Thank you, counsellor. Ms. Brillhart, why do you love VR?

Brillhart: It's forcing me to rewire myself creatively, which is invigorating. It's exciting and frustrating and crazy all at the same time.

How so?

Brillhart: Film had 100 years to figure out its language, right? You go to school, you learn about the language, there are books about it, people tell you what to do – you can work within those confines, and it's fine. But with VR, that stuff doesn't necessarily all apply.

So there's a lot of trial – no pun intended, counsellor – and error?

Brillhart: Sometimes it's – "I'm just going to go in these different directions and hope something cool happens. I don't know if it will, it may be a disaster but it may be something really special," and that's where we are right now.

It doesn't sound as if you actually believe VR is ready to take us into the future, counsellor.

Brillhart: There are things that VR is good at, that film can't do.
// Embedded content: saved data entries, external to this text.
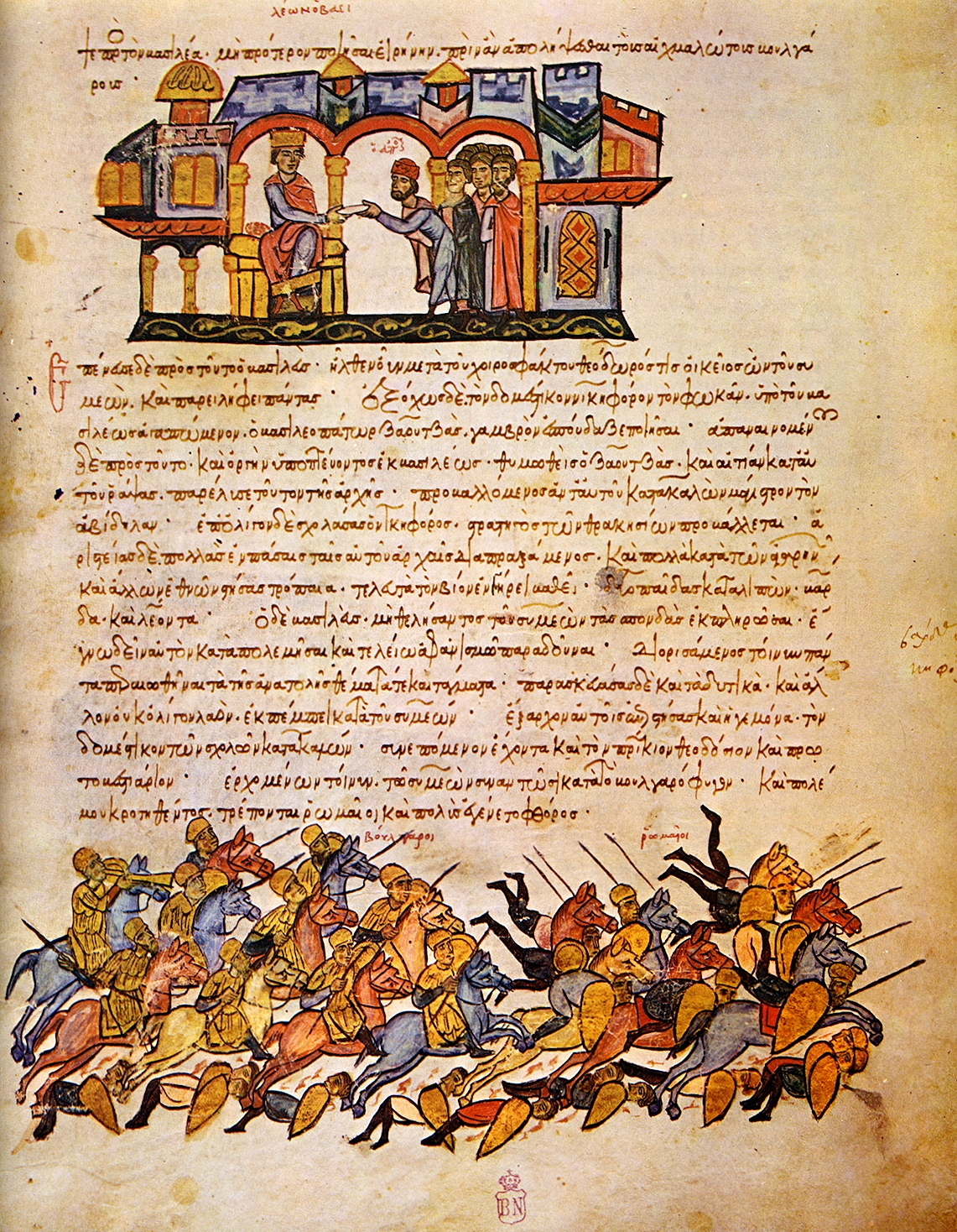 Leon VI with a Bulgarian delegation; The Bulgarians routing the Byzantine forces at Bulgarophygon. Madrid Skylitzes, fol. 109r
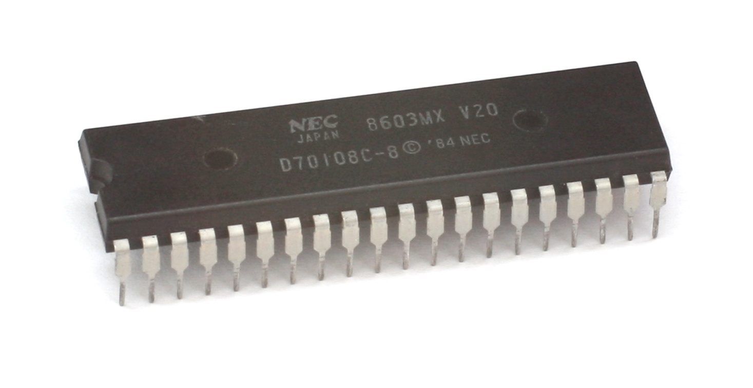 CPU NEC V20
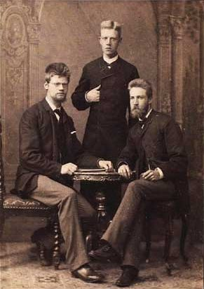 Axel Olrik (1864-1917), Danish folklorist and philologist, Eyvind Gunnar Olrik (1866-1934), Danish judge, and Hans Thorvald Olrik (1862-1924), Danish historian.
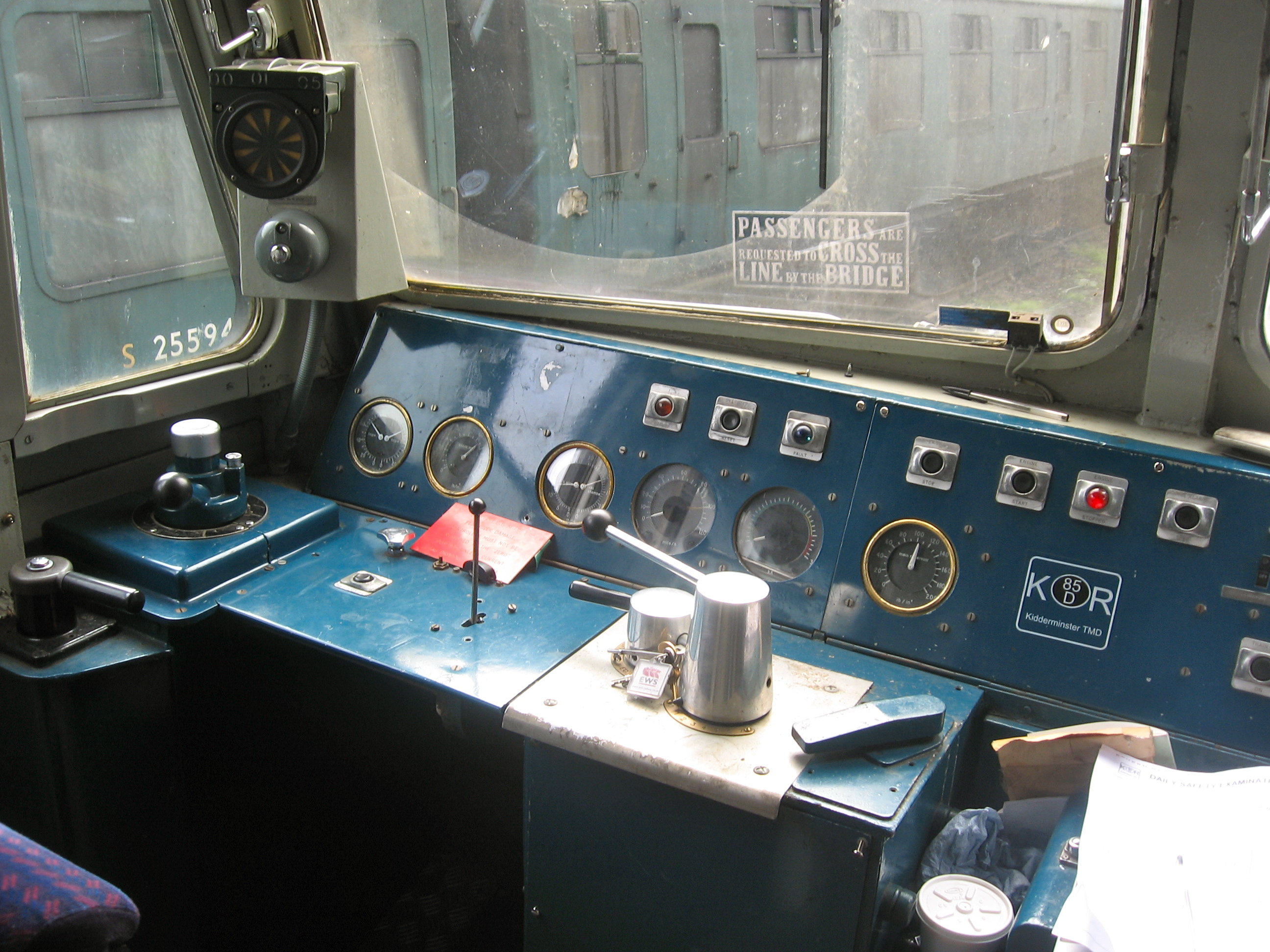 Class 50 cab

Film is a frame that we compose, and it's a remarkable medium because you're able to take this compressed atom of story and character and space and time and then transfer it to an objective viewer. But VR is about having someone actually present in that space. So, if you think of it as a compressed atom, a frame of this stuff that we've crafted, and then you just see that atom explode – think the Big Bang – then it's like, the story and everything that was in that frame is everywhere. And the potential is everywhere.

Forget the atoms. You've just blown my mind, counsellor.

Brillhart: There are things VR won't be able to do as well. If there is a very specific thing that you need someone to absolutely see, that's a film thing. There are plenty of documentaries that I've seen where it's so important to just be able to listen to someone talk about their experience and have someone focus on that. It's not a "film versus VR" thing. It's a "film and VR" thing.

This pretrial transcript has been condensed and edited, and some of the judge's lines have been rewritten to make him sound smarter than he actually was.

Editor's note: Ana Serrano is the chief digital officer of the Canadian Film Centre. Incorrect information appeared in the original version of this article.